Frederick Virchanza Gotham
2023-04-16 00:22:19 UTC
In the C++ programming language, there are lambda functions. Some of them have captures, and some of them don't have captures. The lambda functions without captures can implicitly convert to a normal function pointer. The lamda functions with captures cannot implicitly convert to a normal function pointer.
I started a thread yesterday on comp.lang.c++ in which I wanted to write a thunk in x86_64 assembler that would be able to invoke any lambda. I will copy-past that post here and then continue writing:
Since C++11, there has been an implicit conversion from a lambda to a
function pointer so long as the lambda has no captures. If the lambda
has captures, the implicit conversion is disabled. However it's easy to
get a function pointer from a lambda-with-captures if we use global
variables or the heap, something like:
std::function<void(void)> f; // global object
void Func(void)
{
f(); // invokes the global object
}
void Some_Library_Func(void (*const pf)(void))
{
pf();
}
int main(int argc, char **argv)
{
auto mylambda = [argc](void) -> void
{
cout << "Hello " << argc << "!" << endl;
};
f = mylambda;
Some_Library_Func(Func);
}
It is possible though to procure a normal function pointer from a
lambda-with-captures without making use of global variables or the heap
-- it can all be kept on the stack.
To invoke a capture lambda, we need two pieces of data:
Datum A: The address of the lambda object
Datum B: The address of the 'operator()' member function
Datum A is a pointer into data memory.
Datum B is a pointer into code memory.
The technique described in this post will only work on CPU's where the
program counter can be set to an address in data memory, and therefore
we will use 'void*' for Datum B rather than 'void(*)(void)'. I'm open
to correction here but I think this technique will work on every
implementation of C++ in existence today, even on microcontrollers such
as the Texas Instruments F28069 and the Arduino Atmel sam3x8e.

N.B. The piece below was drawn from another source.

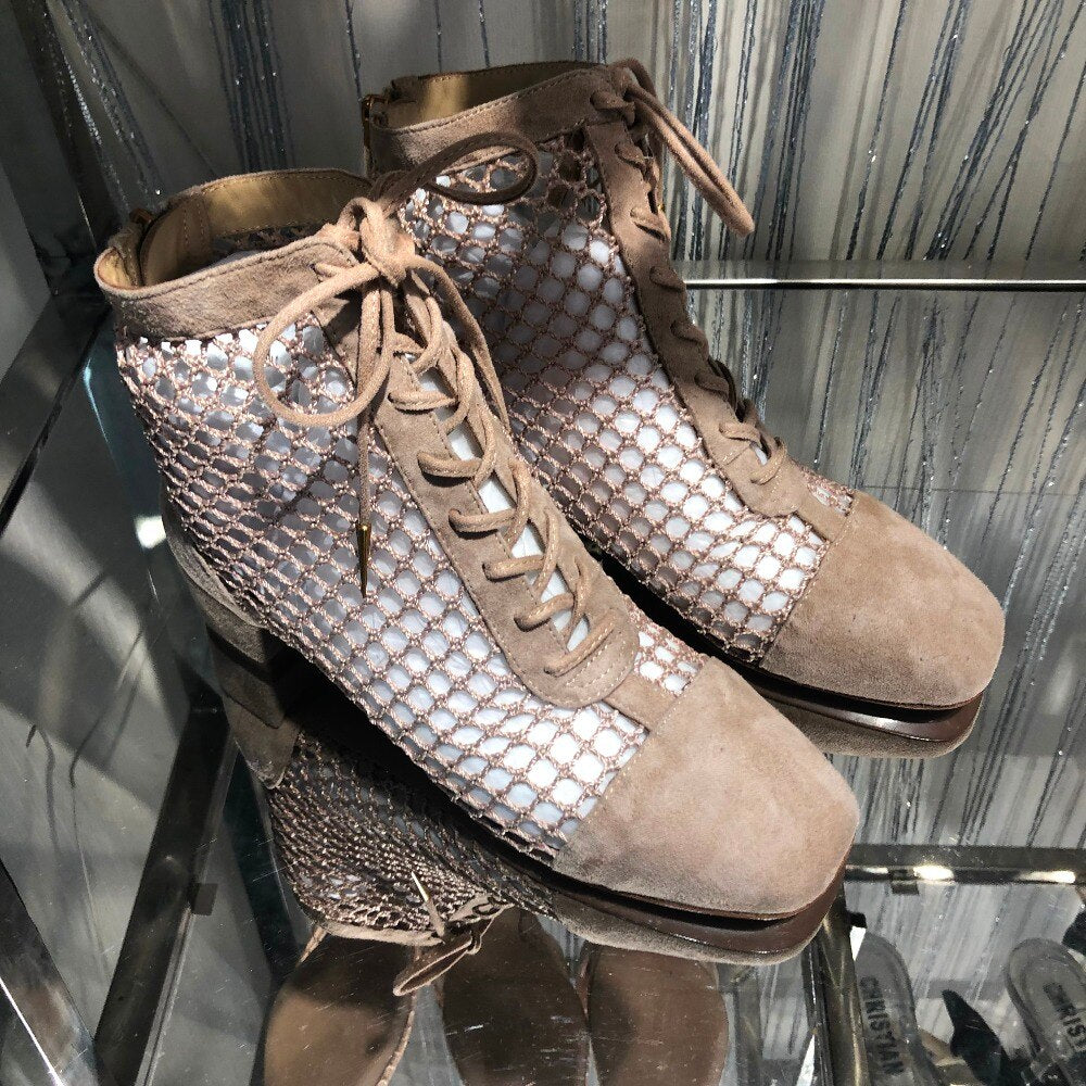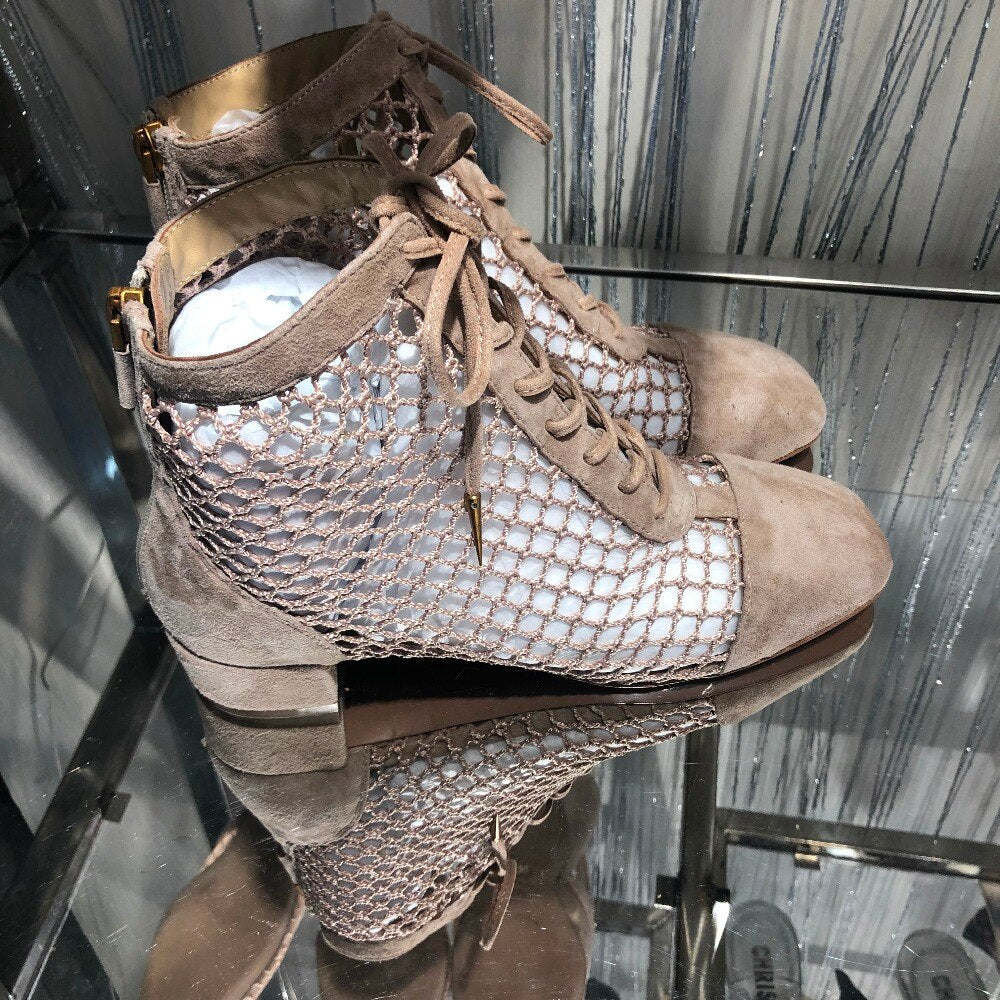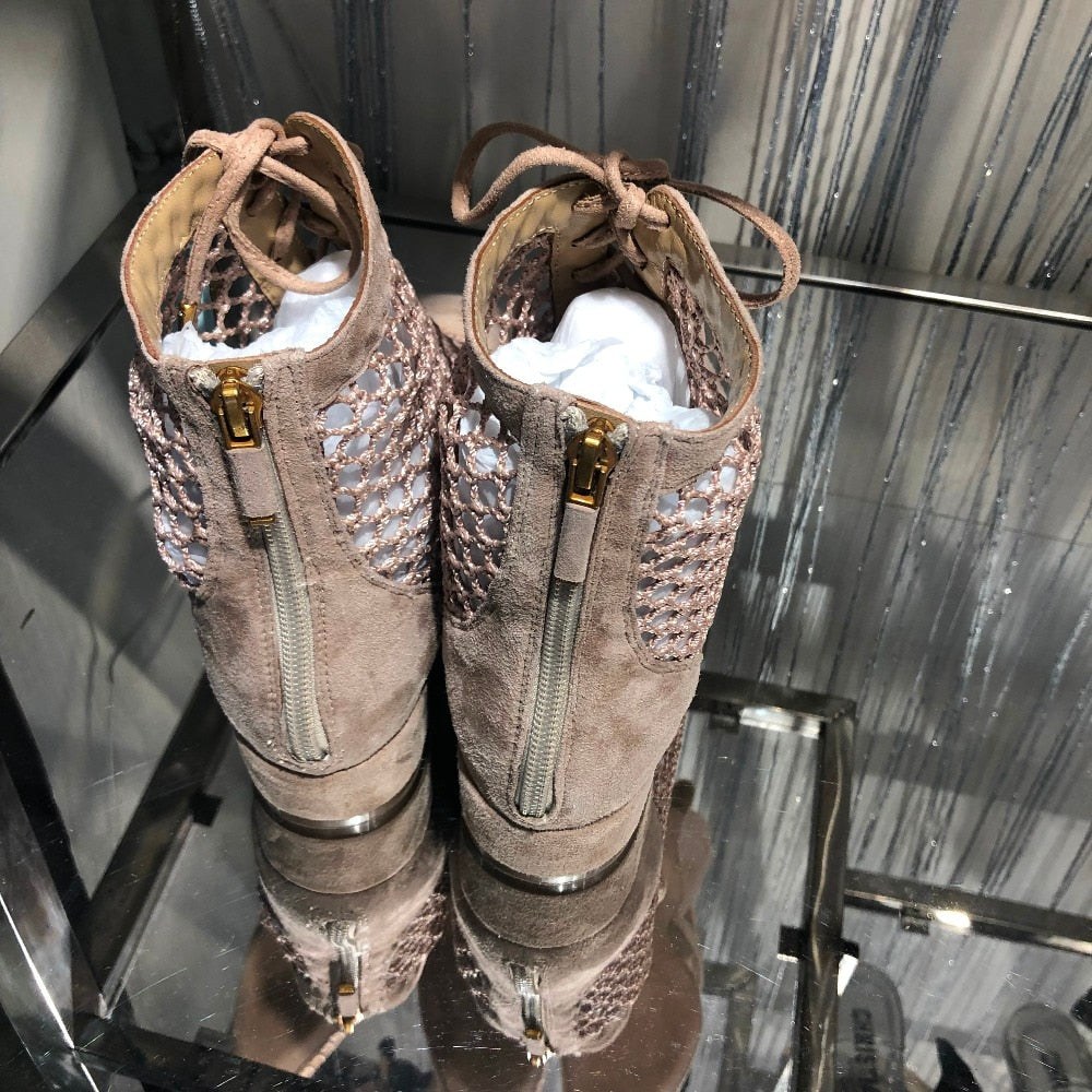 women ladies knitted suede leather sandals flat heel shoes boots

We will define a simple POD struct to hold these two pieces of data:
struct LambdaInfo {
void *data, *code;
};
Let's write a function that invokes a capture lambda, passing the 'this'
pointer as the first argument to the member function:
void InvokeLambda(LambdaInfo const *const p)
{
void (*pf)(void*) = (void (*)(void*))p->code;
return pf(p->data);
}
And now let's check what this got compiled to on an x86_64 computer:
mov rdx,QWORD PTR [rdi]
mov rax,QWORD PTR [rdi+0x8]
mov rdi,rdx
jmp rax
What we've got here is four instructions. To see a little more clearly
what's going on here, I'm going to replace the function arguments with
numerical constants:
void InvokeLambda(void)
{
void (*pf)(void*) = (void (*)(void*))0x1122334455667788;
return pf( (void*)0x99aabbccddeeffee );
}
gets compiled to:
movabs rdi,0x99aabbccddeeffee
movabs rax,0x1122334455667788
jmp rax
What we've got here now is three simple instructions. Here's the
assembler alongside the machine code:
movabs rdi,0x99aabbccddeeffee ---- 48 bf ee ff ee dd cc bb aa 99
movabs rax,0x1122334455667788 ---- 48 b8 88 77 66 55 44 33 22 11
jmp rax ---- ff e0
What we have here is 22 bytes worth of CPU instructions, which we can
put into a byte array as follows:
char unsigned instructions[22u] = {
0x48, 0xBF,
0xEE, 0xFF, 0xEE, 0xDD, 0xCC, 0xBB, 0xAA, 0x99,
0x48, 0xB8,
0x88, 0x77, 0x66, 0x55, 0x44, 0x33, 0x22, 0x11,
0xFF, 0xE0,
};
This 22-byte array can be our thunk. I've written C++ code to manage
this thunk up on GodBolt, and it works fine:
https://godbolt.org/z/r84hEsG1G
This works fine for a function with no return value and no parameters. So next I wanted to work on a solution that would work for _any_ lambda function even it had 27 parameters and a return value greater than 87 bytes. So I followed up my post to comp.lang.c++ with the following:
The first thunk that I wrote accommodated a function that returned void
and took no arguments. The machine code of the thunk was 22 bytes.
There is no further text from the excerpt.